I saw this post and initially skipped it because I know how crypto threads go on HN. Then saw on LinkedIn it was from you. Can confirm, this gent is a great engineer and is actually a nice guy.
"If you've got" may not be formal "correct" English, but everyone understands it and it's used quite commonly in daily speech (and writing). I would wager that "if you've got" may actually be preferable to "if you have," in order to engage the reader at a more comfortable, personal level.
Germans tend to pronounce A's in English as if they were E's ("cat" is pronounced as "k-eh-t" instead of "k-ah-t" -- which I don't really understand since A in German is pronounced as "ah"), so I'm not sure if everything you learned in English class is correct ;-)
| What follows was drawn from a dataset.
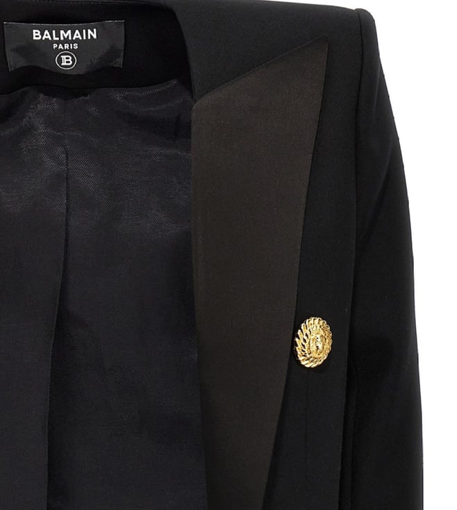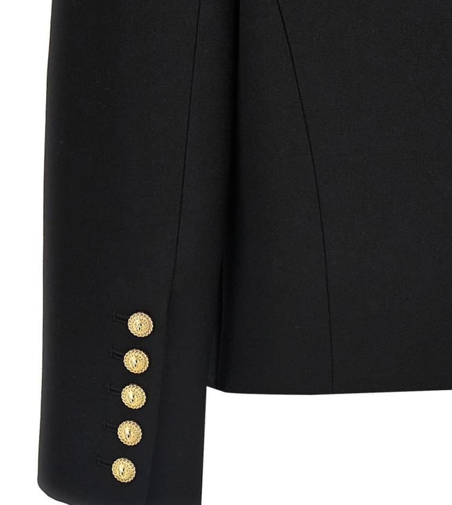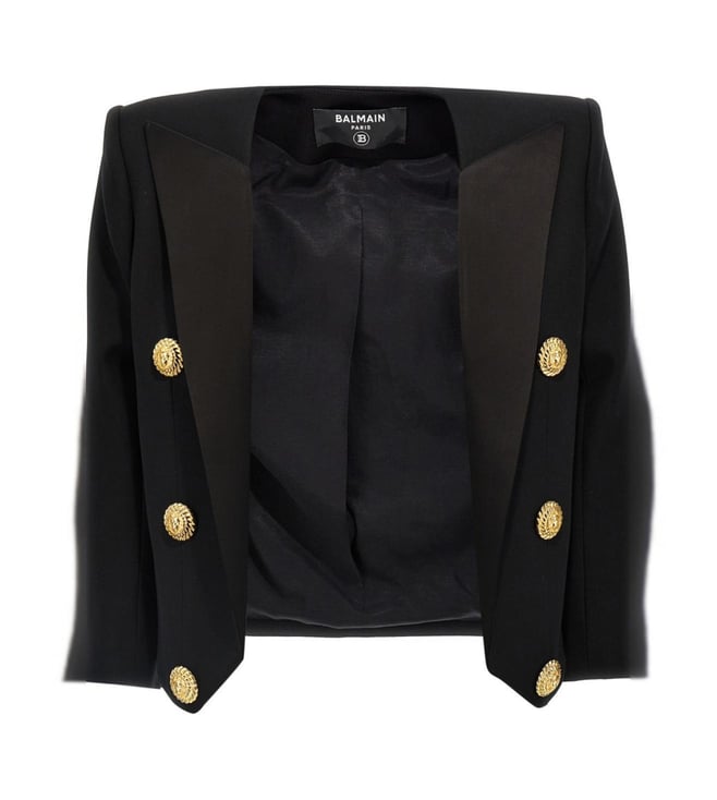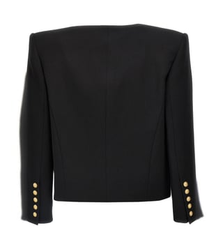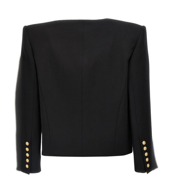 Balmain Black Cropped Grain De Poudre Edge-To-Edge Slim Fit Jacket

English class in Germany told me to pronounce it the "k-ah-t" way because they were primarily teaching British English, but I think a lot of exposure to US Media brings people to pronounce it "k-eh-t" (and maybe overdoing it in trying to do so).
That's another thing I distinctively remember from English class in Germany, being taught the British pronunciation that, at that young age, was much less familiar to me than American pronunciation, and some slight confusion around that.
I’m a native (non-American) English speaker and the American pronunciation, to me, doesn’t sound like keht at all. (German was technically my first language, although English became my main language at an early age, so I’m quite used to German accents, so it’s definitely not caused by the native accents imho)
I once (when I was ~15 or so) had an argument with a kid who simply would not believe me that the letters C-A-T aren’t pronounced keht
The English books seemed to teach the correct thing, however, using the correct IPA and giving the correct hints. Just like with "I've got [something]".
It's also definitely not the case that the "a" in American English "cat" is pronounced like "a" usually is in German. In that case, the "a" sounds much closer to a German "e" then a German "a". The IPA for AE "cat" is kæt, not kat (where in some parts of Britain it actually is kat).
Perhaps it is the american accent they are taught, americans would say keht.
I always thought it was strange football was fussball in german, yet they'd call in soccer in english.
Except the American accent doesn’t say keht — maybe there’s a slight hint (cough accent) of it, but it’s very slight, while the German way sounds rather odd, I bet even to Americans.
You're misparsing the sentence: "If you’ve got interesting technical analysis [or optimization] problems". "Technical analysis" is an adjective, not a noun.